Hermione lo guardò interdetta, la sorpresa ormai del tutto svanita, mettendo su la sua tipica espressione di sufficienza, che tanto la faceva somigliare alla professoressa McGranitt.
«Come prego?» disse, dando la possibilità a quello sconosciuto di dire qualcosa di sensato.
«Sai dirmi quando siamo» ripeté l’uomo scandendo ogni parola come se Hermione fosse una stupida.
La ragazza gli scoccò uno sguardo risentito.
«Se intende dire che vuol sapere che giorno è, è sabato 14 Novembre 1998, posso sapere chi è lei?»
«Io sono il Dottore»
«Dottore e poi?»
«Solo il Dottore, tu invece come ti chiami?»

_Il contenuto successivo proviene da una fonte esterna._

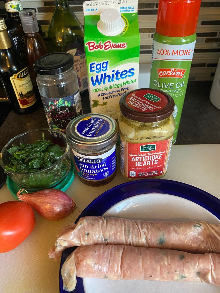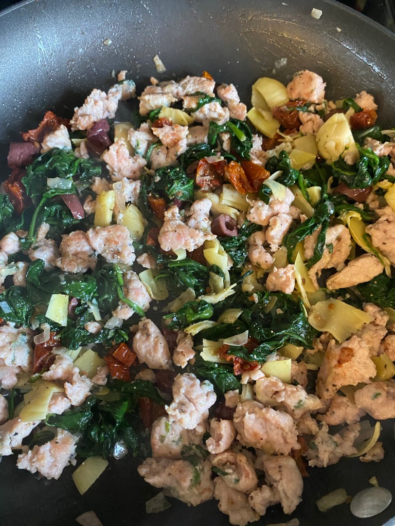 Mediterranean chicken sausage from Karns- it is amazing or any plain chicken sausage will work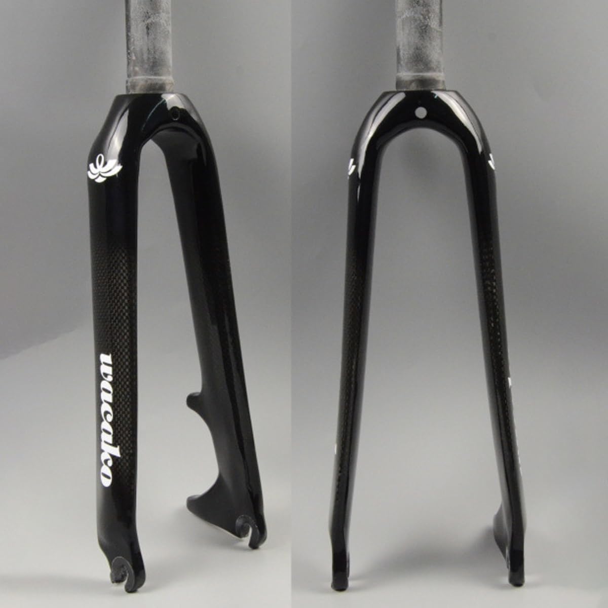 Carbon Fiber Folding Bikes Rigid Fork 14in 16in 18in 20in 22in Hard Fork C Brake 9*74/100mm Quick Release Front Fork 1-1/8" Straight Tube ThreadlessRigid Fork Information:Color: Glossy Black A,Matte Black A, Glossy Black B,Matte Black BSize: 14in 16in 18in 20in 22inMaterial: T700 carbon fiberSteerer tube type: 1-1/8" straightSteer Tube Diameter: 28.6mmBottom File: 30mmSteerer tube lenth: 390mmQuick Release Opening: 9*74/100mmBrake: Disc/C BrakeScope of application: Folding Bikes,Weight: About 380gPackage:Rigid Fork x 1Note:Please allow slight dimensional tolerances due to manual measurements, lighting in photography may cause color differences from real life.Please check the size details in our list carefully according to the actual condition of your Bikes to make sure you buy the fit fork.Due to different production batches, there may be slight differences in the color, appearance, shape, and details of individual parts. If you have any questions, please feel free to contact us, thank you!

Hermione considerò l’idea di rispondere ma l’uomo aveva qualcosa di molto sospetto, non voleva dirle il suo nome (non poteva chiamarsi Dottore e basta) ed erano soli in un luogo abbastanza isolato. Lo studiò attentamente. Non indossava abiti da mago, ma questo non escludeva che fosse un mangiamorte sotto-copertura, non era armato e questo le dava un vantaggio: avrebbe potuto schiantarlo prima ancora che riuscisse a metter mano alla bacchetta. Gli puntò la sua contro.
«Ok simpaticone, ora esci di lì e tieni le mani in vista» disse tenendolo sotto tiro, la Guerra era finita ma non ci si poteva ancora fidare di nessuno.
Lo sconosciuto la guardò fingendosi impressionato e si allontanò dalla cabina con le mani in alto.